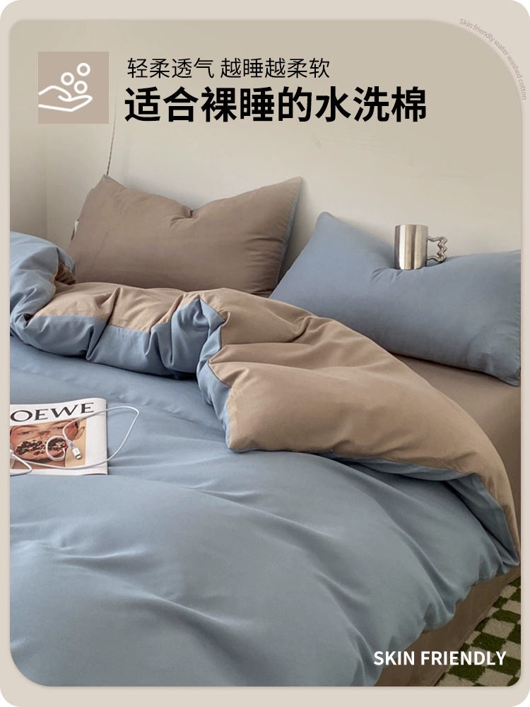 غطاء لحاف صيفي قطعة واحدة 150 × 200 × 230 غطاء لحاف فردي من القطن الخالص غير القطني لحاف الطالب المغسول من القطن 3
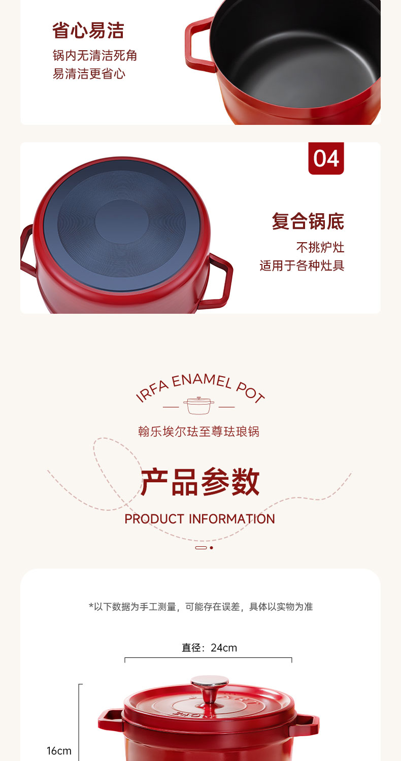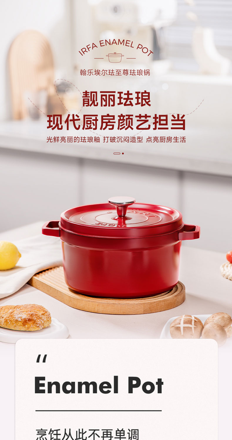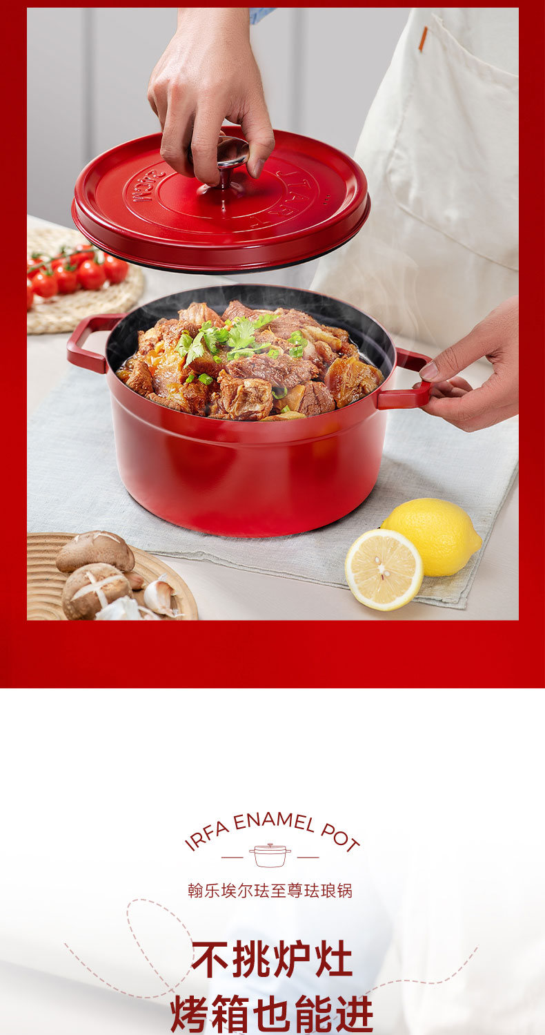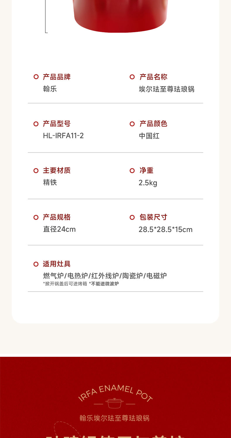 翰乐 埃尔珐至尊珐琅锅汤锅 HL-IRFA11-2 24cm 中国红(单位:套)
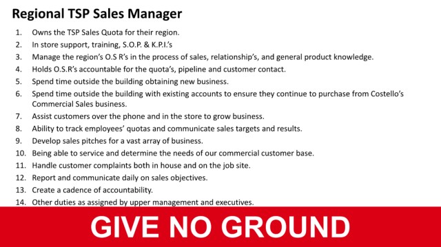 3. Manage the region’s O.S R’s in the process of sales, relationship’s, and general product knowledge.
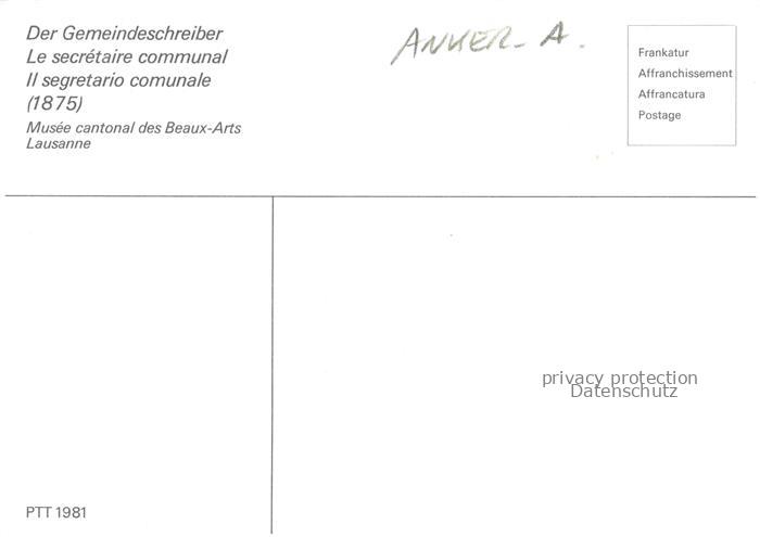 ANKER Albert (1831-1910) Kuenstlerkarte Gemeindeschreiber
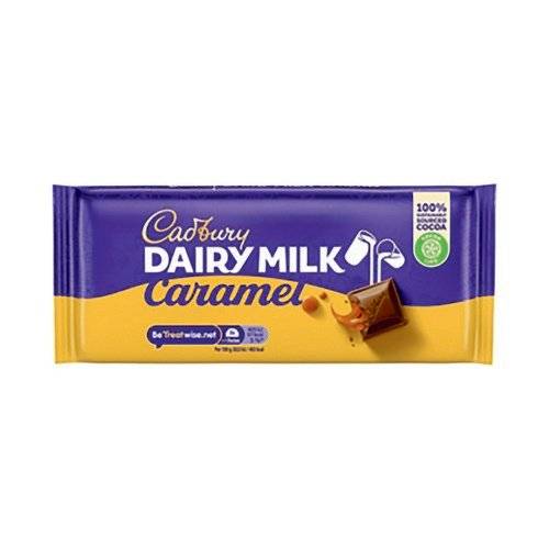 - Cadbury Dairy Milk chocolate bar with a soft caramel centre. Made with sustainably sourced cocoa. Suitable for Vegetarians. 120g bar.
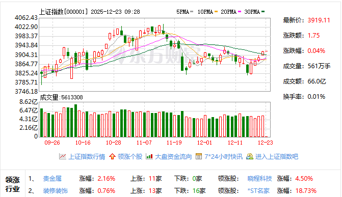 A股早盘三大股指集体高开,上证指数上涨0.04%,深证成指微涨0.05%,创业板指领涨,涨幅达0.14%,市场整体呈现温和回暖态势。
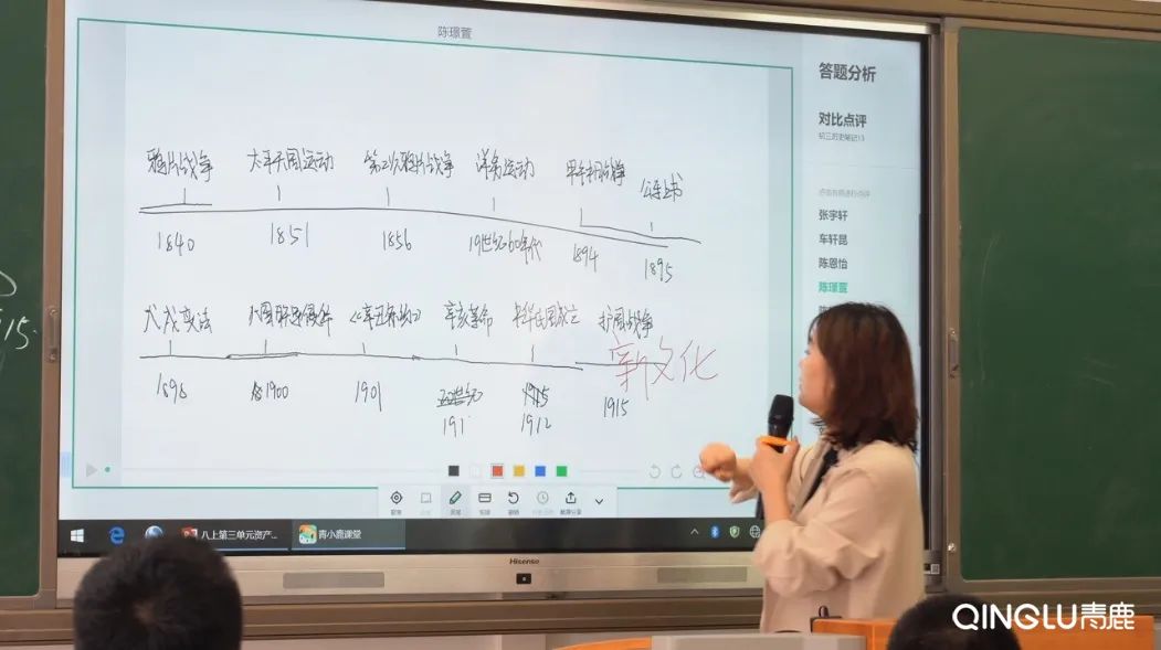 總結(jié)歸納示例:初中歷史課中,老師在引導學生總結(jié)“中國近代史”的關(guān)鍵時間線時,學生使用智能筆繪制思維導圖進行知識歸納,系統(tǒng)支持快速收集全班學生的作答內(nèi)容與展示,師生可隨機或指定選擇答案進行點評與糾錯,促進學生思維發(fā)展與總結(jié)歸納。
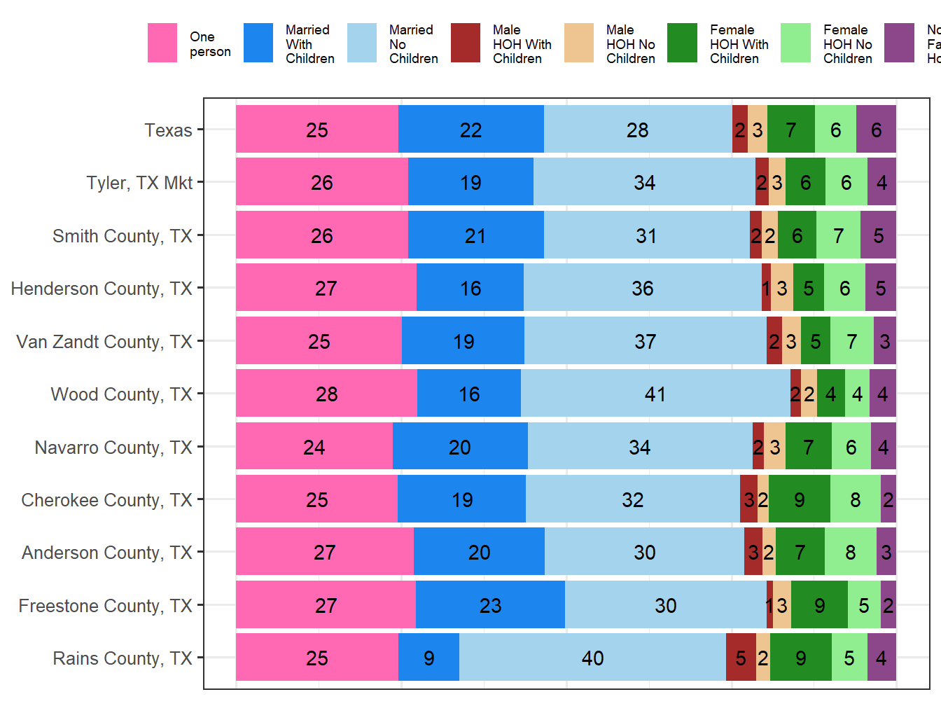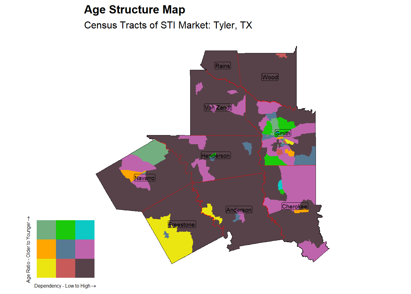 The Tyler, TX market has a dependency ratio of 65.3 which is considered a High level of dependency. The proportion of that dependent population that is under 15 is 44% and subsequently this market could be age wise considered Elderly. These two classifications in mind the Tyler, TX market falls in the Aged Age Structure Classification.
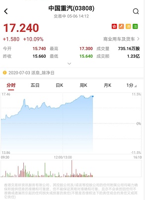 智通财经APP获悉,4月份重卡销售同比增长52%至18万辆,环比增长50%。重卡概念全线走强,中国重汽(03808)午后涨幅扩大至10%,截至14时12分,涨10.09%,报价17.24港元,成交额1.23亿。
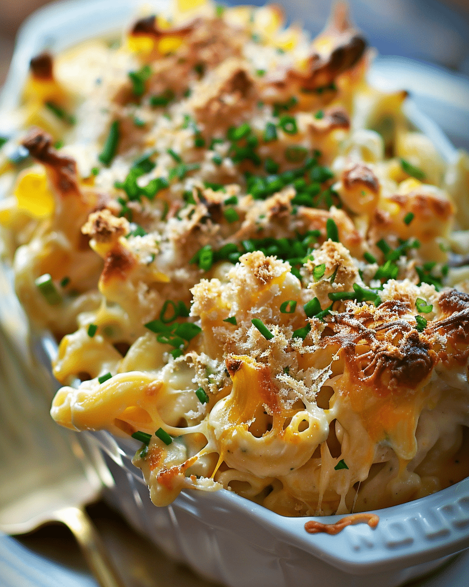 A comforting, cheesy baked macaroni and cheese loaded with tender vegetables. This creamy, golden‑topped dish brings together gooey cheese sauce and veggies in a hearty, satisfying one‑dish meal.
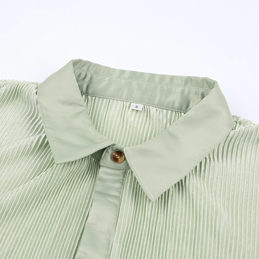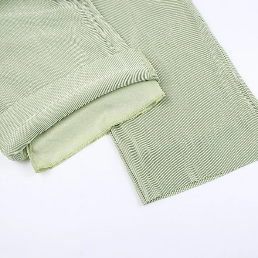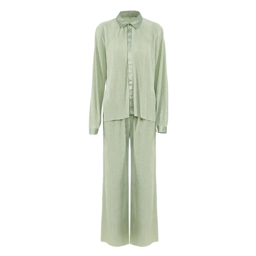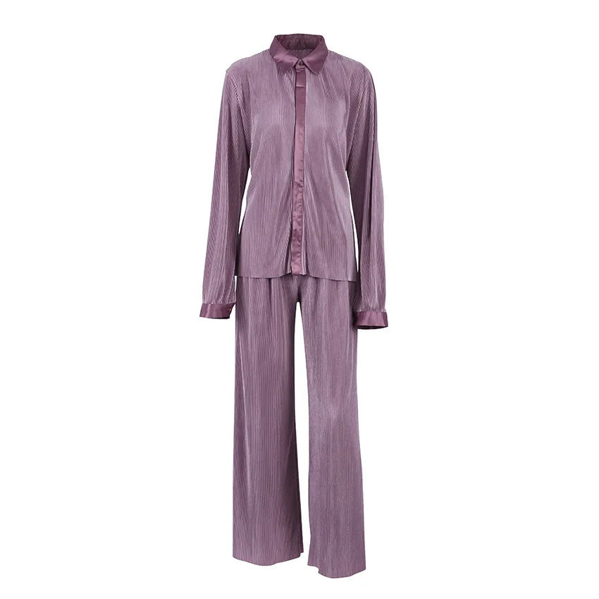 Wholesale Fashion Crinkle Fabric Casual Blouse Matching Set Women 2 Piece Outfits Set Two Piece Pants Set

^^^^^^^^^^^^^^^^

The material above holds pictures; copy everything else in it exactly.

EXERCISE SOLUTION:
 غطاء لحاف صيفي قطعة واحدة 150 × 200 × 230 غطاء لحاف فردي من القطن الخالص غير القطني لحاف الطالب المغسول من القطن 3
 翰乐 埃尔珐至尊珐琅锅汤锅 HL-IRFA11-2 24cm 中国红(单位:套)
 3. Manage the region’s O.S R’s in the process of sales, relationship’s, and general product knowledge.
 ANKER Albert (1831-1910) Kuenstlerkarte Gemeindeschreiber
 - Cadbury Dairy Milk chocolate bar with a soft caramel centre. Made with sustainably sourced cocoa. Suitable for Vegetarians. 120g bar.
 A股早盘三大股指集体高开,上证指数上涨0.04%,深证成指微涨0.05%,创业板指领涨,涨幅达0.14%,市场整体呈现温和回暖态势。
 總結(jié)歸納示例:初中歷史課中,老師在引導學生總結(jié)“中國近代史”的關(guān)鍵時間線時,學生使用智能筆繪制思維導圖進行知識歸納,系統(tǒng)支持快速收集全班學生的作答內(nèi)容與展示,師生可隨機或指定選擇答案進行點評與糾錯,促進學生思維發(fā)展與總結(jié)歸納。
 The Tyler, TX market has a dependency ratio of 65.3 which is considered a High level of dependency. The proportion of that dependent population that is under 15 is 44% and subsequently this market could be age wise considered Elderly. These two classifications in mind the Tyler, TX market falls in the Aged Age Structure Classification.
 智通财经APP获悉,4月份重卡销售同比增长52%至18万辆,环比增长50%。重卡概念全线走强,中国重汽(03808)午后涨幅扩大至10%,截至14时12分,涨10.09%,报价17.24港元,成交额1.23亿。
 A comforting, cheesy baked macaroni and cheese loaded with tender vegetables. This creamy, golden‑topped dish brings together gooey cheese sauce and veggies in a hearty, satisfying one‑dish meal.
 Wholesale Fashion Crinkle Fabric Casual Blouse Matching Set Women 2 Piece Outfits Set Two Piece Pants Set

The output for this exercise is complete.